The provisions of this Section 3(b) will apply to Employer Information disclosed by the Employer or any Affiliates or developed by the Employee while employed or engaged by the Employer prior to or after the date hereof during Employee’s employment by the Employer or any Affiliates.
The provisions of this Section 3 continue to apply following termination of this Agreement for so long as permitted by the governing law.
4. Return of Property. Employee acknowledges, warrants and agrees that Employee will return to the Employer all Employer Information, including, without limitation, documents, drawings, manuals, specifications, notes, computer programs, and other proprietary materials, and any copies or excerpts thereof, and any other property, client lists, client contracts, files or documents obtained as a result of Employee’s employment with the Employer and any Affiliates immediately upon the Employee’s Termination of Employment.

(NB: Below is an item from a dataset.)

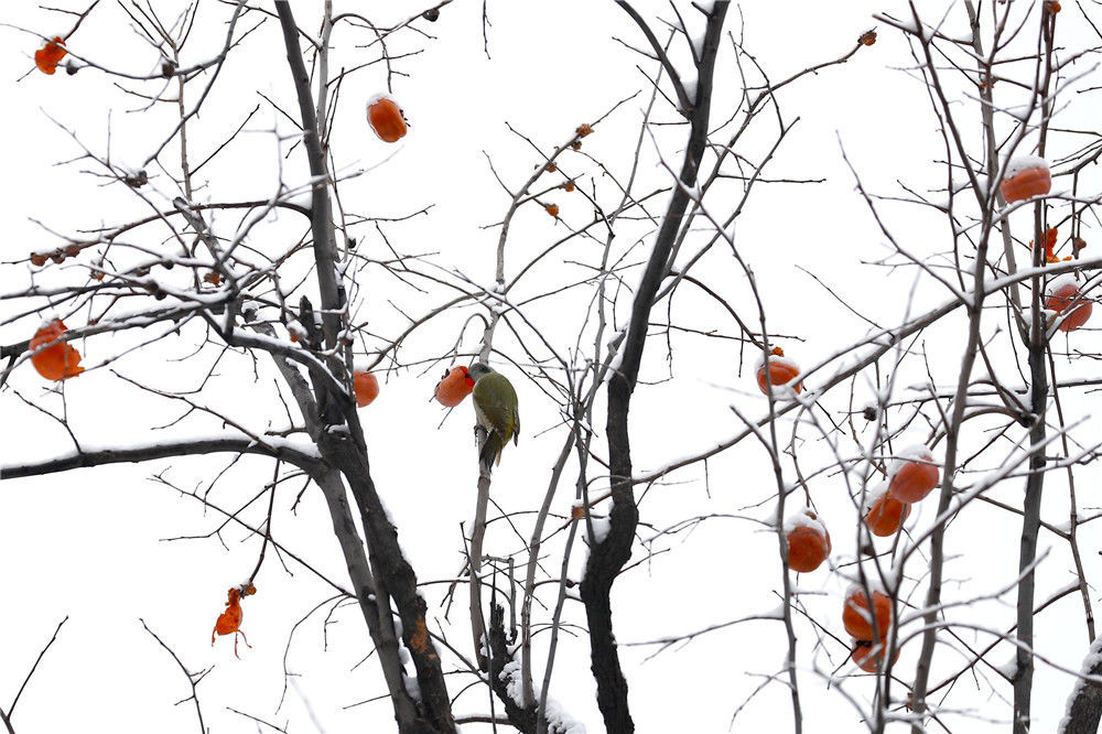 2019年11月30日,雪后的北京天壇公園內(nèi),鳥兒在柿子樹上覓食。29日,北京迎來2019年冬季初雪。富田(攝影部)/中新社/視覺中國(guó)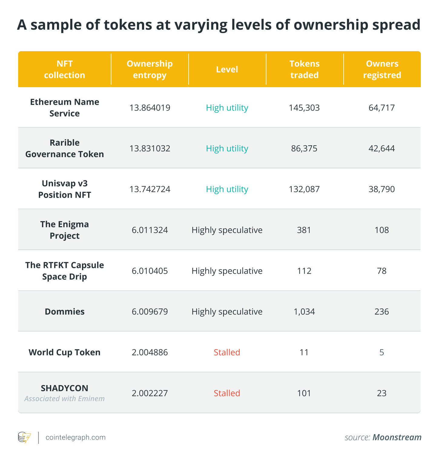 Even though the Moonstream data looks at the broader $NFT market, it seems to support Barabási’s analysis that, for the higher-end, intrinsically-valued crypto art market, there is a small, tight club of whales who own the majority of the NFTs. Many of these owners are collectors and marketplaces. But, the report also noted that the barrier to entry for the $NFT market is low, and disbursement of $NFT ownership is correlated to the level of extrinsic utility of the $NFT.

5. Non-Competition and Non-Solicitation Provisions.
(a) The Employee agrees that during the Applicable Period, the Employee will not (except on behalf of or with the prior written consent of the Employer), within the Area, either directly or indirectly, on the Executive’s own behalf or in the service or on behalf of others, perform for any Competing Business any services which are the same as or essentially the same as the services the Employee provided for the Employer. The Employer acknowledges and agrees that the Business of the Employer is conducted in the Area.
(b) The Employee agrees that during the Applicable Period, the Employee will not (except on behalf of or with the prior written consent of the Employer) on the Employee’s own behalf or in the service or on behalf of others, solicit, divert or appropriate or attempt to solicit, divert or appropriate, any business from any of the Employer’s customers within the Area with whom the Employee has or had Material Contact for purposes of providing products or services that are competitive with those provided by the Employer.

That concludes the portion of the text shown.